Trotzdem herrscht in Argentinien Wahlpflicht.

Das ist kein Problem, sondern eine Tugend unseres Systems. Eine freiwillige Stimmabgabe ist ein Risiko, vielleicht gehen die Leute nicht wählen, weil sie denken: „Meine Stimme zählt nicht viel, was macht sie schon aus, eine von 50 Millionen.“ Die Wahlpflicht ist ein kleiner Schubs, den der Staat gibt. Es heißt, dass Nichtwähler eine Strafe zahlen müssen, aber das wird nicht durchgezogen. Die Wahlpflicht ist ein wichtiger Anreiz, schließlich steht etwas Bedeutendes auf dem Spiel: „Wie definieren wir die politische Organisation in den nächsten Jahren?“

Das Vertrauen in die Institutionen ist gering. Wie schätzen Sie deren Leistung ein?

Es gibt eine Tradition der Staatsstreiche, aber das Militär hat nicht mehr viel Einfluss auf die Politik. Ich würde mir in Argentinien, und auch in anderen Ländern, mehr Sorgen um die Rolle der Polizei machen. Sie ist nach wie vor korrupt und in Verbrechen verwickelt. Die Justiz ist besser geworden. Es war lange üblich, dass eine Regierung versuchte, eine Mehrheit im Obersten Gericht zu erreichen. Deshalb variierte die Qualität und die Rechssprechung wechselte oft. Wir hatten liberale Gerichte, konservative, korrupte, und in diesem Moment ist das Oberste Gericht respektabel, mit guter akademischer Bildung, unabhängig.

Wieviel Einfluss hat die so genannte „fünfte Macht“?

Der Einfluss großer Unternehmen ist ein großes Defizit der Demokratie in Deutschland und in Argentinien.
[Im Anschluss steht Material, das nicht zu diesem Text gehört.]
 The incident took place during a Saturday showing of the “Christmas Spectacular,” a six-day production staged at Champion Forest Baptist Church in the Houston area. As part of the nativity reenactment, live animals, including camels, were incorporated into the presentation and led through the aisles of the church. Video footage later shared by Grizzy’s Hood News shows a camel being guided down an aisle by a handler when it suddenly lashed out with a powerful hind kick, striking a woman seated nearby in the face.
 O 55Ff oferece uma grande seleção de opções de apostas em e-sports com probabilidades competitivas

Bei uns kommt ein wirtschaftliches Ungleichgewicht dazu, das dafür sorgt, dass die Mächtigen noch mächtiger sind. Bis in die 70er und 80er Jahre war Argentinien sehr egalitär, mit der letzten Diktatur änderten sich diese Strukturen. Die Ungleichheit ist ein Problem, für das wir noch lange keine Lösung haben.

Wie frei ist die Presse?

Journalisten werden in Argentinien nicht verfolgt, es gibt oppositionelle Medien und keine direkte Zensur. Es gibt indirekte Zensur, vor allem in der Art und Weise, wie die Regierung Anzeigen von Staatsseite verteilt. Das sind enorme Summen, die nach Gutdünken vergeben werden. Abgesehen davon haben wir das gleiche Problem wie alle Länder mit ungleichen Stukturen: Es gibt Stimmen, die nicht gehört werden, weil sie nicht genug Macht oder Geld haben, an die Öffentlichkeit zu kommen. Das kann auch in Deutschland passieren, zum Beispiel müsste man überprüfen, ob die verschiedenen Einwanderergruppen Zugang zur öffentlichen Meinungsbildung haben.

Woher kommt die große Apathie in einigen Ländern?
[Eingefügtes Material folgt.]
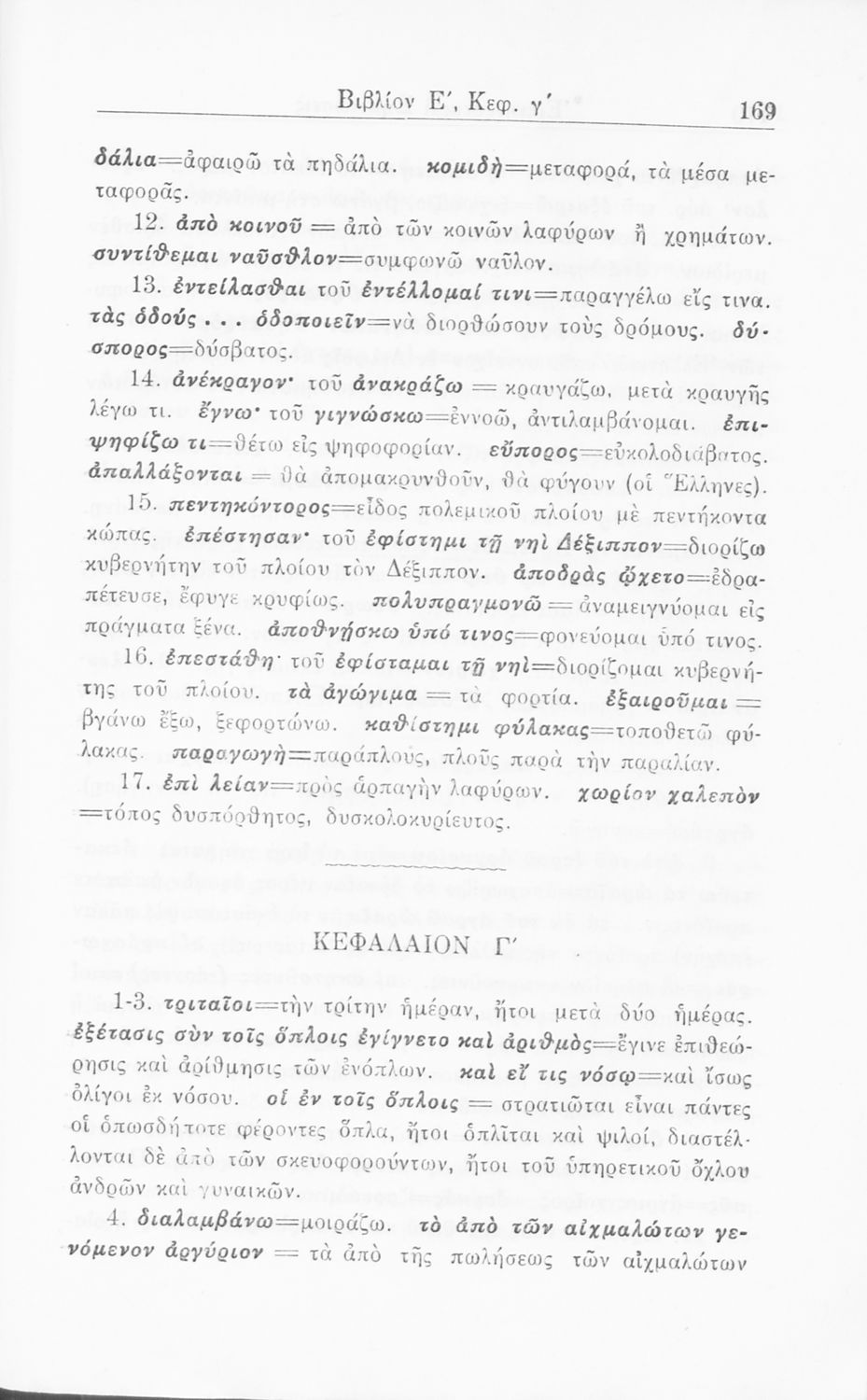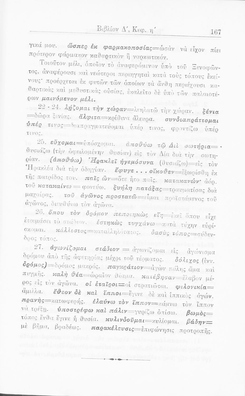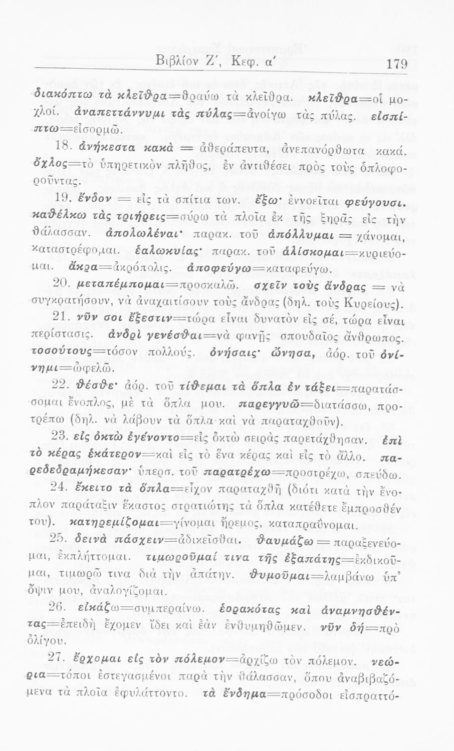 Σχολικό εγχειρίδιο Α΄ και Β΄ Γυμνασίου για το μάθημα των Αρχαίων. Περιλαμβάνει κείμενα κατ΄ επιλογή από το έργο του Ξενοφώντα Κύρου Ανάβαση από το πρωτότυπο. Περιέχει πραγματολογικά σχόλια και λεξιλογικές παρατηρήσεις του συγγραφέα. Εγκρίθηκε για μια δεκαετία από το σχολικό έτος 1931-1932.

In Europa hat die wachsende Apathie damit zu tun, dass die Leute merken, dass die Entscheider von Lobbygruppen beeinflusst sind. Die großen Unternehmen haben leichter Zugang zur Macht als die Bürger, der Einfluss der Interessensgruppen ist größer als der von hunderttausenden von Bürgern. Die Türen des Systems sind verschlossen, wenn die Menschen Druck machen. Aber die Systeme sind sensibel für den Druck von Machtgruppen, von Lobbyisten.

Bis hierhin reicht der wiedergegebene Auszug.